Provided data below:

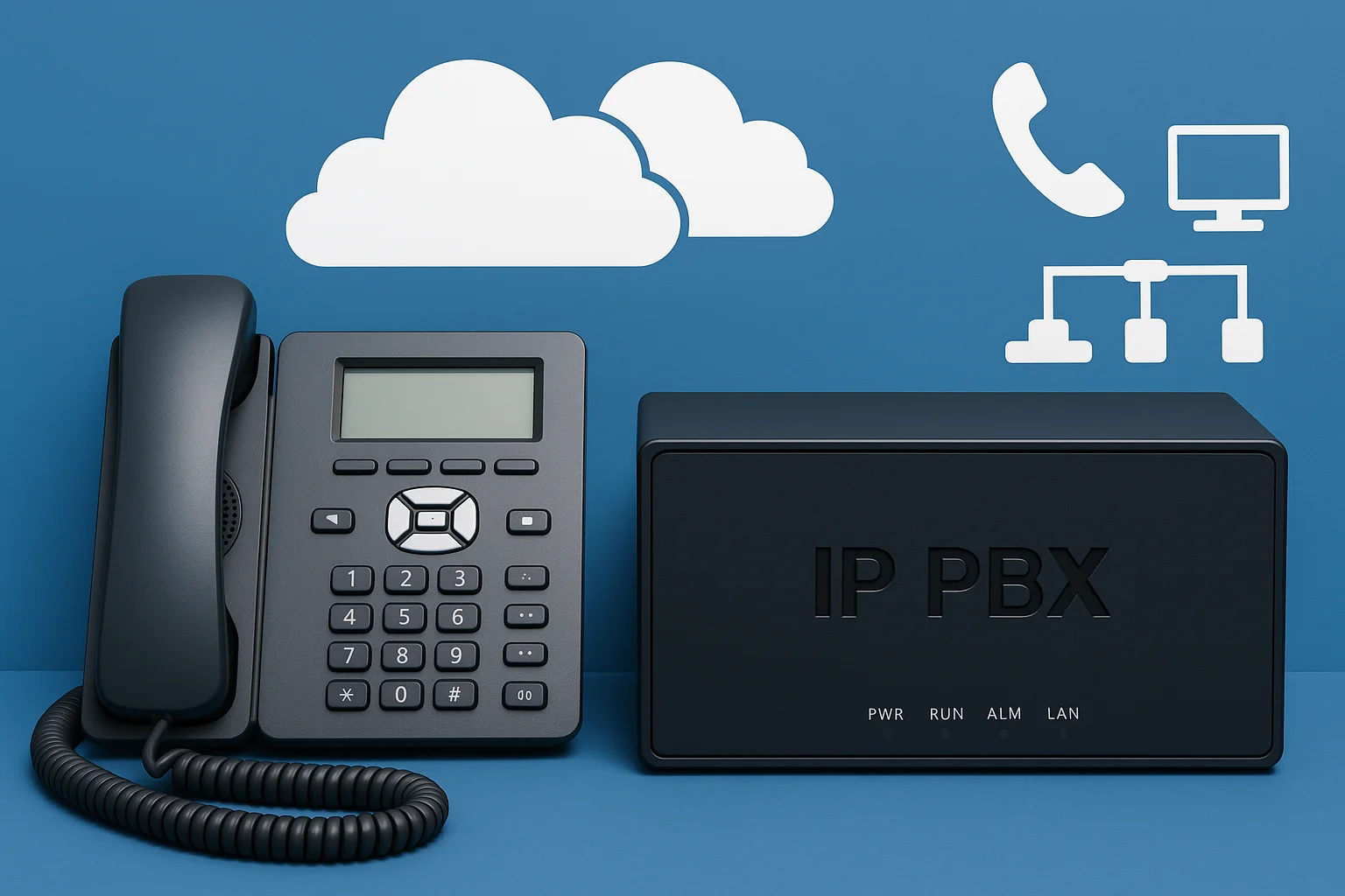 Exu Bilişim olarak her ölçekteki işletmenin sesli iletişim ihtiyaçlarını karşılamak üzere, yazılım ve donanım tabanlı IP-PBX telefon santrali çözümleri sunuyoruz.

End of Provided data.
Provided data below:

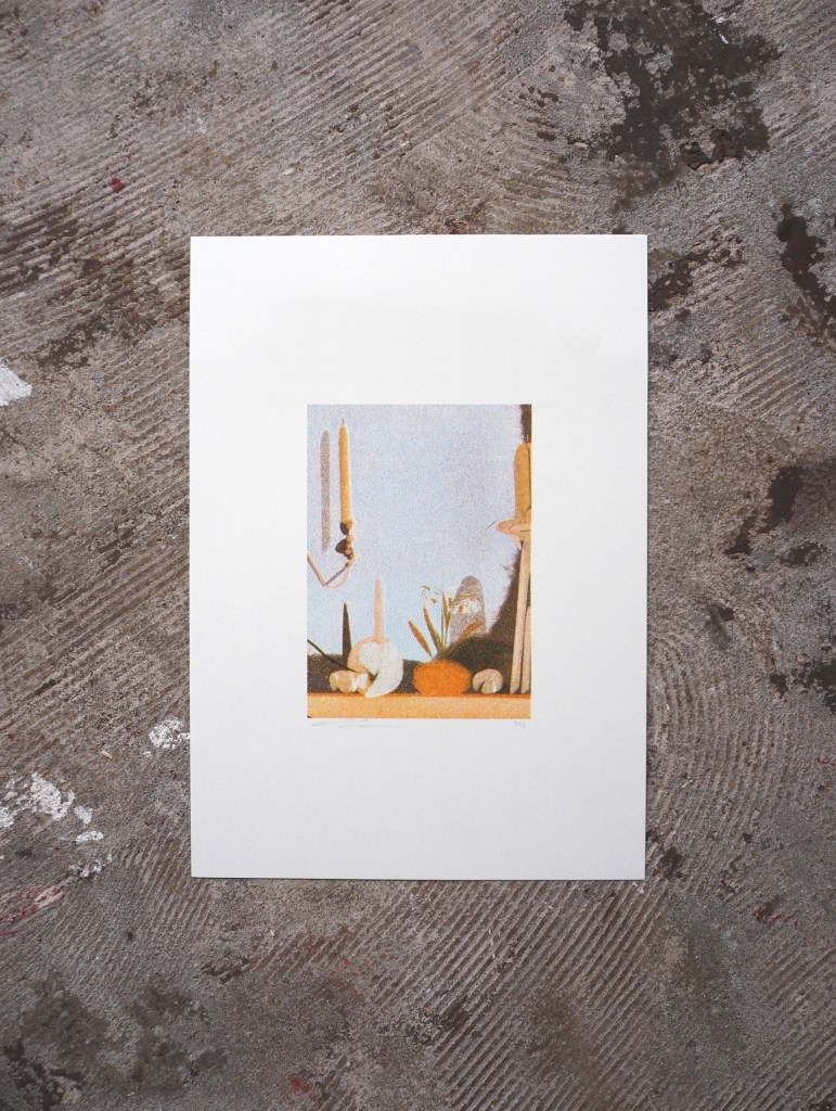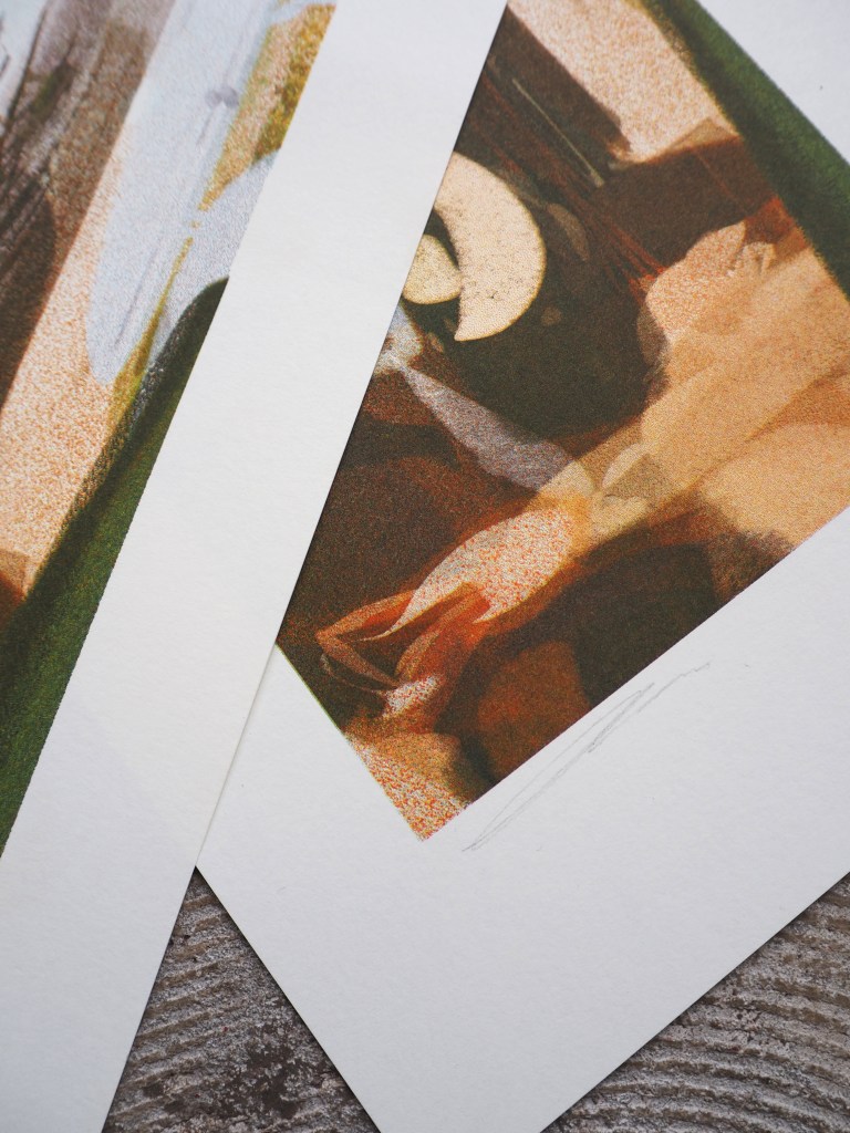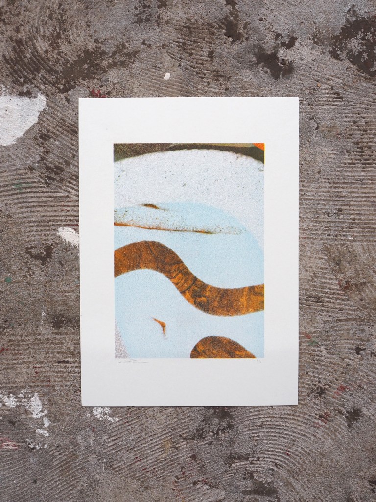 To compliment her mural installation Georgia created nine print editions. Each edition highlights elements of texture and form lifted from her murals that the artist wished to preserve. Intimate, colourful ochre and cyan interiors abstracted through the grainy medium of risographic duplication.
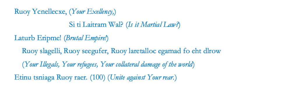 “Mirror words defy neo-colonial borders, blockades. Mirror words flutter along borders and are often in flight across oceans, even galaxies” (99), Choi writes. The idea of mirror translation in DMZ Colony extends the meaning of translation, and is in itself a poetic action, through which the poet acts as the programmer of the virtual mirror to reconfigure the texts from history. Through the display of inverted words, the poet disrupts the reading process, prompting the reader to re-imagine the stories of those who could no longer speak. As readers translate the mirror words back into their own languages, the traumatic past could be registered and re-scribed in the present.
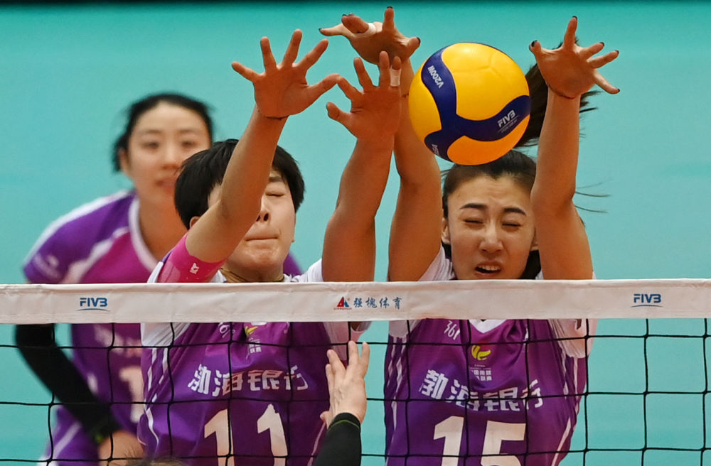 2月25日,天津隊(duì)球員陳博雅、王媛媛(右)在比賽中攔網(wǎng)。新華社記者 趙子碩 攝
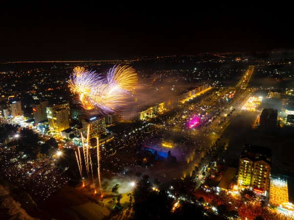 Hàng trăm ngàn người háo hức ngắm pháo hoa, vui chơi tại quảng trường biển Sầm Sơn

End of Provided data.

* **Task to complete**
Using the material above, reproduce only the lines that run from the line with "2月25日,天津隊(duì)球員陳博雅、王媛媛(右)在比賽中攔網(wǎng)。新華社記者 趙子碩 攝" up to and including the line with "Hàng trăm ngàn", exactly, with the pictures dropped.

* **Exercise solution**
 2月25日,天津隊(duì)球員陳博雅、王媛媛(右)在比賽中攔網(wǎng)。新華社記者 趙子碩 攝
 Hàng trăm ngàn người háo hức ngắm pháo hoa, vui chơi tại quảng trường biển Sầm Sơn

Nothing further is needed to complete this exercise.